- **WORK TASK**
Leave out every picture and set down, exactly, the lines below from the one holding "中国台湾网5月11日消息 据" up to and including the one holding "标题:AeroBand体感架子鼓练手成人儿童家用初学者鼓棒电子鼓空气架子鼓".

- **INFORMATION PROVIDED**

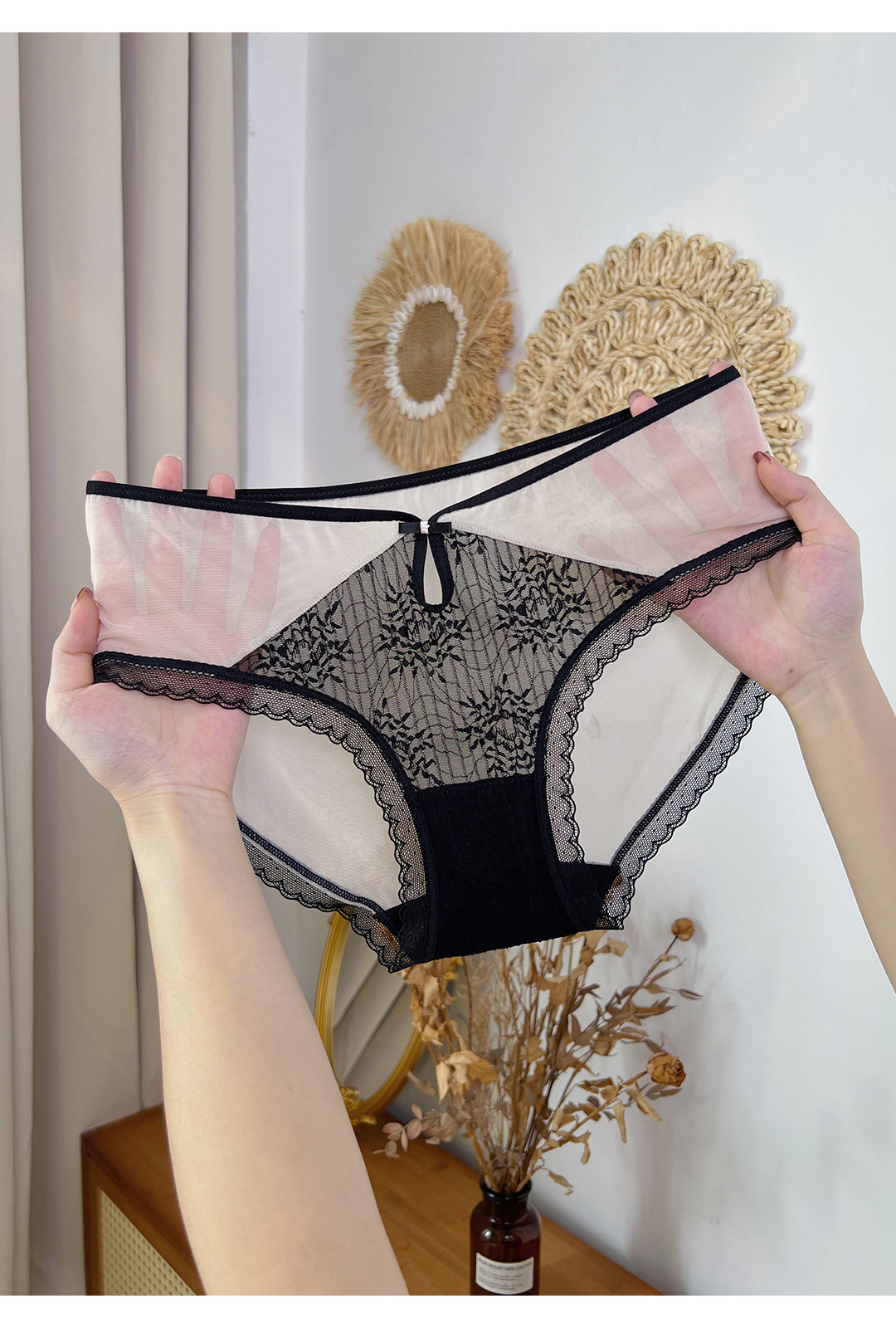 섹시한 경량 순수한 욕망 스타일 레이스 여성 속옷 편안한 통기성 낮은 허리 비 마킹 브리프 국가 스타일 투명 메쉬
---
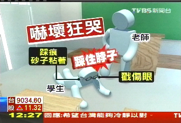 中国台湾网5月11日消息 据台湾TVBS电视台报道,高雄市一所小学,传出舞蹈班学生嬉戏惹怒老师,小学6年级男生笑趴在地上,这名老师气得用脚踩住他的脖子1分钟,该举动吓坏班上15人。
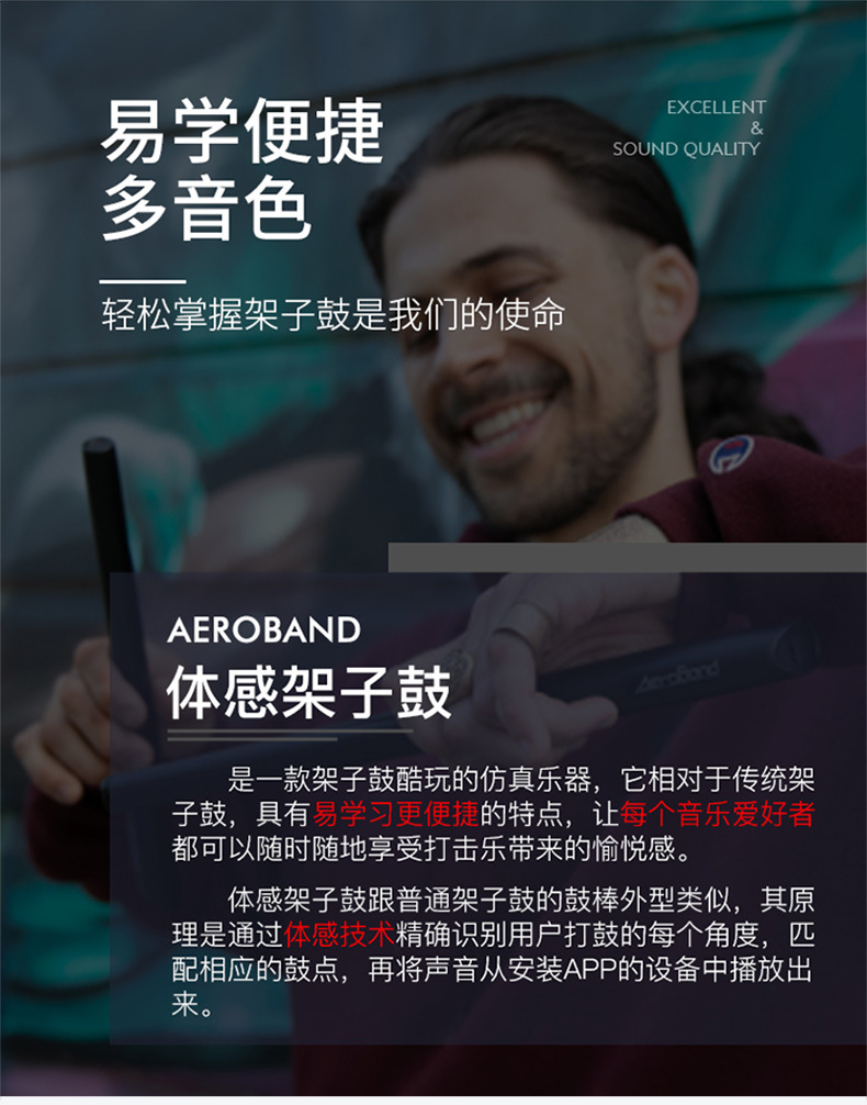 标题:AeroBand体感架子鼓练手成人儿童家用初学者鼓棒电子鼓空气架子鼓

- **SOLVED EXERCISE**
 中国台湾网5月11日消息 据台湾TVBS电视台报道,高雄市一所小学,传出舞蹈班学生嬉戏惹怒老师,小学6年级男生笑趴在地上,这名老师气得用脚踩住他的脖子1分钟,该举动吓坏班上15人。
 标题:AeroBand体感架子鼓练手成人儿童家用初学者鼓棒电子鼓空气架子鼓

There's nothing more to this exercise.